Mac Mini with external SSD for photo/video editing

Discussion in 'Mac mini' started by Gherkin, Nov 1, 2018.

  1. Gherkin macrumors 6502a

    Apr 9, 2004
    I'm thinking of getting the base Mini w/ 128 GB SSD (for OS and apps) and buying an external 1 TB SSD for all my files.

    My main uses for the Mini would be editing photos in Lightroom (~25 MB RAW files) and I've been doing some light video editing with 1080p files (though my camera is 4K capable and may go down that path in the future). I also do some light Photoshop and inDesign work.

    I'm looking at this external Samsung 1 TB SSD for $228...

    The price is GREAT. But is this drive more for storage and not actively working on my files?
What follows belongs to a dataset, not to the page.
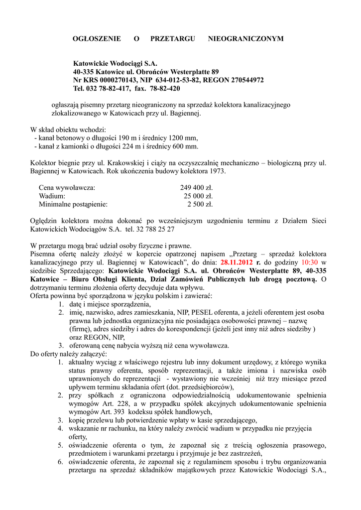 OGŁOSZENIE O PRZETARGU NIEOGRANICZONYM Katowickie Wodociągi S.A. 40-335 Katowice ul. Obrońców Westerplatte 89 Nr KRS 0000270143, NIP 634-012-53-82, REGON 270544972 Tel. 032 78-82-417, fax. 78-82-420 ogłaszają pisemny przetarg nieograniczony na sprzedaż kolektora kanalizacyjnego zlokalizowanego w Katowicach przy ul. Bagiennej. W skład obiektu wchodzi: - kanał betonowy o długości 190 m i średnicy 1200 mm, - kanał z kamionki o długości 224 m i średnicy 600 mm. Kolektor biegnie przy ul. Krakowskiej i ciąży na oczyszczalnię mechaniczno – biologiczną przy ul. Bagiennej w Katowicach. Rok ukończenia budowy kolektora 1973. Cena wywoławcza: Wadium: Minimalne postąpienie: 249 400 zł. 25 000 zł. 2 500 zł. Oględzin kolektora można dokonać po wcześniejszym uzgodnieniu terminu z Działem Sieci Katowickich Wodociągów S.A. tel. 32 788 25 27 W przetargu mogą brać udział osoby fizyczne i prawne. Pisemna ofertę należy złożyć w kopercie opatrzonej napisem „Przetarg – sprzedaż kolektora kanalizacyjnego przy ul. Bagiennej w Katowicach”, do dnia: 28.11.2012 r. do godziny 10:30 w siedzibie Sprzedającego: Katowickie Wodociągi S.A. ul. Obrońców Westerplatte 89, 40-335 Katowice – Biuro Obsługi Klienta, Dział Zamówień Publicznych lub drogą pocztową. O dotrzymaniu terminu złożenia oferty decyduje data wpływu. Oferta powinna być sporządzona w języku polskim i zawierać: 1. datę i miejsce sporządzenia, 2. imię, nazwisko, adres zamieszkania, NIP, PESEL oferenta, a jeżeli oferentem jest osoba prawna lub jednostka organizacyjna nie posiadająca osobowości prawnej – nazwę (firmę), adres siedziby i adres do korespondencji (jeżeli jest inny niż adres siedziby ) oraz REGON, NIP, 3. oferowaną cenę nabycia wyższą niż cena wywoławcza. Do oferty należy załączyć: 1. aktualny wyciąg z właściwego rejestru lub inny dokument urzędowy, z którego wynika status prawny oferenta, sposób reprezentacji, a także imiona i nazwiska osób uprawnionych do reprezentacji - wystawiony nie wcześniej niż trzy miesiące przed upływem terminu składania ofert (dot. przedsiębiorców), 2. przy spółkach z ograniczona odpowiedzialnością udokumentowanie spełnienia wymogów Art. 228, a w przypadku spółek akcyjnych udokumentowanie spełnienia wymogów Art. 393 kodeksu spółek handlowych, 3. kopię przelewu lub potwierdzenie wpłaty w kasie sprzedającego, 4. wskazanie nr rachunku, na który należy zwrócić wadium w przypadku nie przyjęcia oferty, 5. oświadczenie oferenta o tym, że zapoznał się z treścią ogłoszenia prasowego, przedmiotem i warunkami przetargu i przyjmuje je bez zastrzeżeń, 6. oświadczenie oferenta, że zapoznał się z regulaminem sposobu i trybu organizowania przetargu na sprzedaż składników majątkowych przez Katowickie Wodociągi S.A., który jest dostępny na stronie internetowej Katowickich Wodociągów S.A. http://www.wodociagi.katowice.pl w dziale aktualności, 7. oświadczenie oferenta, że zapoznał się z przedmiotem przetargu, jego stanem prawnym i nie wnosi do nich zastrzeżeń. Komisyjne otwarcie ofert nastąpi w siedzibie Katowickich Wodociągów S.A. w Katowicach ul. Obrońców Westerplatte 89, I piętro sala konferencyjna w dniu 28.11.2012 r. o godzinie 11:15. W razie stwierdzenia, iż kilku oferentów zaproponowało tę sama cenę, sprzedający przeprowadzi dodatkowy przetarg ustny w terminie przez siebie wskazanym. Wadium w formie pieniężnej należy wpłacić na konto bankowe Katowickich Wodociągów S.A.: ING Bank Śląski S.A. O/Regionalny Katowice nr 95 1050 1214 1000 0007 0005 3994 lub w kasie Sprzedającego do dnia 27.11.2012 r., z zaznaczeniem „Przetarg nieograniczony kolektor kanalizacyjny ul. Bagienna”. Za zachowanie terminu wpłaty wadium uważa się datę wpływu środków pieniężnych na rachunek Spółki. Sprzedający odrzuci ofertę złożoną przez uczestnika przetargu, który nie wniósł wadium lub wniósł je w niewłaściwej kwocie lub innej niż wskazana przez sprzedającego formie. Wpłacone wadium: - podlega zaliczeniu na poczet ceny nabycia zaoferowanej przez oferenta, który wygra przetarg, - przepada na rzecz sprzedającego, jeśli oferent, który wygra przetarg nie uiści ceny nabycia lub uchyli się od zawarcia umowy kupna-sprzedaży, - wpłacone przez pozostałych oferentów zostanie zwrócone 14 dni po ostatecznym rozstrzygnięciu przetargu. Oferent, którego oferta zostanie przyjęta jest zobowiązany do dokonania wpłaty pełnej ceny (pomniejszonej o wpłacone wadium) wynikającej z przetargu, w dniu zawarcia umowy kupna – sprzedaży. Wszelkie koszty związane z zawarciem umowy ponosi nabywca. Spółka zastrzega sobie prawo odstąpienia od przeprowadzenia przetargu lub unieważnienia przetargu dotyczącego zbycia przedmiotu sprzedaży bez podania przyczyny i ponoszenia jakichkolwiek skutków prawnych i finansowych.

    I'm guessing this external drive would be slower than a Mini with 1 TB internal SSD, but would that even be noticeable with my use (photo/video editing)?
  2. ElectronGuru macrumors 65816

    Sep 5, 2013
    Oregon, USA
    Most SSDs are 500-600. The internal drive looks to be over 3000. For occasional saving files at the start and end of a session, 500 is fine. For continuous swaps, 1500 is a good minimum. A fast external (Samsung x5) is over 2000.
  3. Gherkin thread starter macrumors 6502a

    Apr 9, 2004
    --- Post Merged, Nov 1, 2018 ---
    hmmm thanks.

    x5 looks nice but it's around 3x as expensive. I'm wondering if with my pretty modest workflow if I'd even really notice the difference? I'm reading through the reviews of the T5 I posted and lots of people saying they are storing and editing video/photos with the T5 and it's fast.
  4. kensic macrumors 6502

    Jan 11, 2013
    this is my experience, i have been editing photo/video for about 3 years. i have about 4-5 Tb of data. (will go up as time goes by)

    so i store my data on a spin disk. and my main (OS) drive is an ssd (for this case will be the hella fast flash drive) big enough (my standard is atleast 250gb).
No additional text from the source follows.